Standard protocol approvals, registrations, and patient consents.

Procedures were approved by an institutional ethical standards committee on human experimentation at each center. Written informed consent was obtained from all study participants or their guardians.

RESULTS

Baseline characteristics.

A total of 698 participants (263 NC and 435 MCI) were identified who met eligibility criteria. Results for the combined group are reported unless otherwise stated.
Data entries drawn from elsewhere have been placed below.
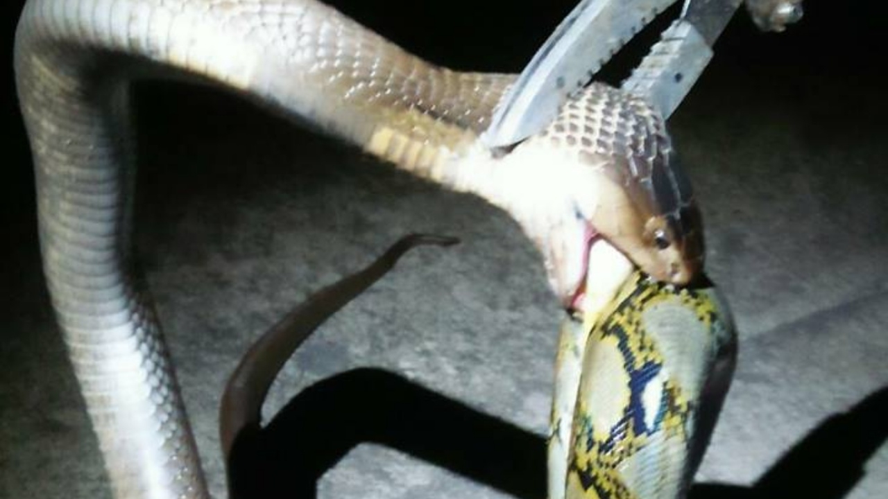 เมื่อช่วงดึกวันที่ 28 ม.ค. ผู้ใช้เฟซบุ๊กชื่อ ”ทรงภพ รุงสันเทียะ” ส่งข้อมูลมายังเพจไทยรัฐว่า เมื่อเวลา 22.00 น. วันที่ 26 ม.ค.ที่ผ่านมา ศูนย์วิทยุ 191 นนทบุรี รับแจ้งจากประชาชน หมู่บ้านบัวทองธานี บริเวณบ้านเลขที่ 14/30 ได้มีงูเข้าบ้าน ซึ่งเมื่อเจ้าหน้าที่เข้าตรวจสอบพบงูเห่ากำลังกินงูเหลือม โดยมีคลิปขณะงูเห่าความยาวประมาณ 2 เมตรกว่า กำลังขยอกกินงูเหลือมความยาวใกล้เคียงกัน จากนั้นเจ้าหน้าที่ได้นำคีมเหล็กจับงูทั้งสองตัวในสภาพหัวงูเหลือมอยู่ในปากงูเห่าขนาดใหญ่ ท่ามกลางวิพากษ์วิจารณ์ของผู้พบเห็นถึงความใหญ่ของงูในทำนองว่า ”นี่คือของจริง”.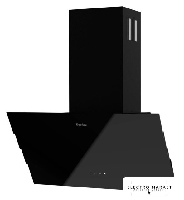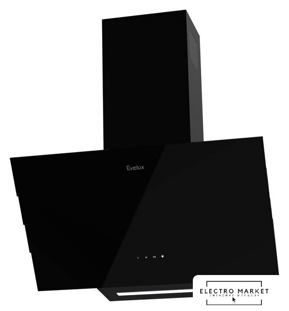 конструкция купольная, монтаж настенный, ширина 59.5 см, управление механическое/кнопочное, производительность мотора 650 м³/ч, цвет черный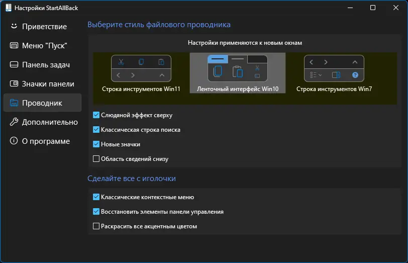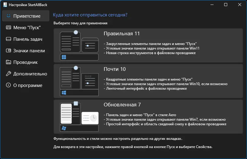 StartAllBack — это универсальное решение для восстановления классического интерфейса в Windows 11. Программа позволяет вернуть полнофункциональную кнопку меню Пуск, системные кнопки и элементы, характерные для Windows 7, а также упорядочить рабочий стол и меню, сделав их привычными и удобными. Благодаря интеграции в систему без необходимости установки дополнительных служб, она сохраняет стабильность и безопасность вашего компьютера. Программа подходит для всех версий Windows начиная с Windows 7 и выше, а также поддерживает как 32-, так и 64-битные системы.

Baseline demographic, clinical, neuropsychometric test, and genotype data are described in table 1 dichotomized according to a CSF-Aβ threshold of 192 pg/mL. Those with CSF-Aβ <192 pg/mL were older, had lower baseline Mini-Mental State Examination and Montreal Cognitive Assessment scores, were more likely to be taking cholinesterase inhibitors or memantine and lipid-lowering medication, were more likely to have an APOE ε3/ε4 or ε4/ε4 genotype, and were less likely to have an APOE ε3/ε2 or ε2/ε2 genotype. Vascular risk factors did not differ between the groups. Baseline characteristics of the cohort dichotomized according to regional PVWMH burden are described in table e-2.

Interrater reliability for rating of PVWMH.

Absolute and consistency of agreement ICCs were, respectively, 0.83 (CI 0.68–0.92) and 0.83 (0.67–0.91) for frontal, 0.78 (0.57–0.89) and 0.8 (0.62–0.9) for parietal, and 0.45 (0.1–0.78) and 0.75 (0.53–0.87) for occipital PVWMH measurements.

Association of PVWMH with florbetapir-PET.

Table 2 outlines the proportion of parietal, occipital, and frontal PVWMH by quartile or grade and their association with biomarkers of elevated amyloid. Parietal PVWMH burden was greater in florbetapir-PET-positive compared to florbetapir-PET-negative participants (mean parietal PVWMH measurement 7.5 mm [±5.3 mm] vs 5.3 mm [±4.8 mm], p < 0.0001). Parietal PVWMH correlated with increased florbetapir-PET uptake in the sumROI-amyloid (r = 0.18, p < 0.0001) and the lateral parietal subregion (r = 0.19, p < 0.0001). In a logistic regression model including parietal PVWMH, age, sex, APOE status, vascular risk factors, pulse pressure, vascular secondary prevention medications, education, ethnicity, and race, parietal PVWMH burden was independently associated with florbetapir-PET positivity (odds ratio [OR] 1.09 [95% CI 1.05–1.13], p < 0.001, see table 3). For example, based on the calculated adjusted OR for the combined NC and MCI group, individuals with a parietal PVWMH measurement of 10 mm were predicted to be twice as likely to have a florbetapir-PET scan consistent with AD compared to those with 1 mm.

Table 2.

Association between quartile/grade of frontal, parietal, and occipital PVWMH and biomarkers of elevated cerebral amyloid

graphic file with name NEUROLOGY2015671206TT2.jpg

Table 3.

Logistic regression models for the association of PVWMH with florbetapir-PET signal (dichotomized as >1.11 or ≤1.11) adjusting for potential confoundersa

graphic file with name NEUROLOGY2015671206TT3.jpg

Occipital PVWMH grade was greater in florbetapir-PET-positive compared to florbetapir-PET-negative individuals (Wilcoxon rank-sum p < 0.0001). Occipital PVWMH burden correlated with increased florbetapir-PET signal in the sumROI-amyloid (ρ = 0.15, p < 0.0001). In a logistic regression model, occipital PVWMH were independently associated with florbetapir-PET positivity (OR 1.26 [1.09–1.46], p = 0.002, see table 3). For example, based on the calculated adjusted OR for the combined NC and MCI group, individuals with occipital PVWMH grade 5 were predicted to be 2.5 times as likely to have a florbetapir-PET scan consistent with AD compared to those with grade 1.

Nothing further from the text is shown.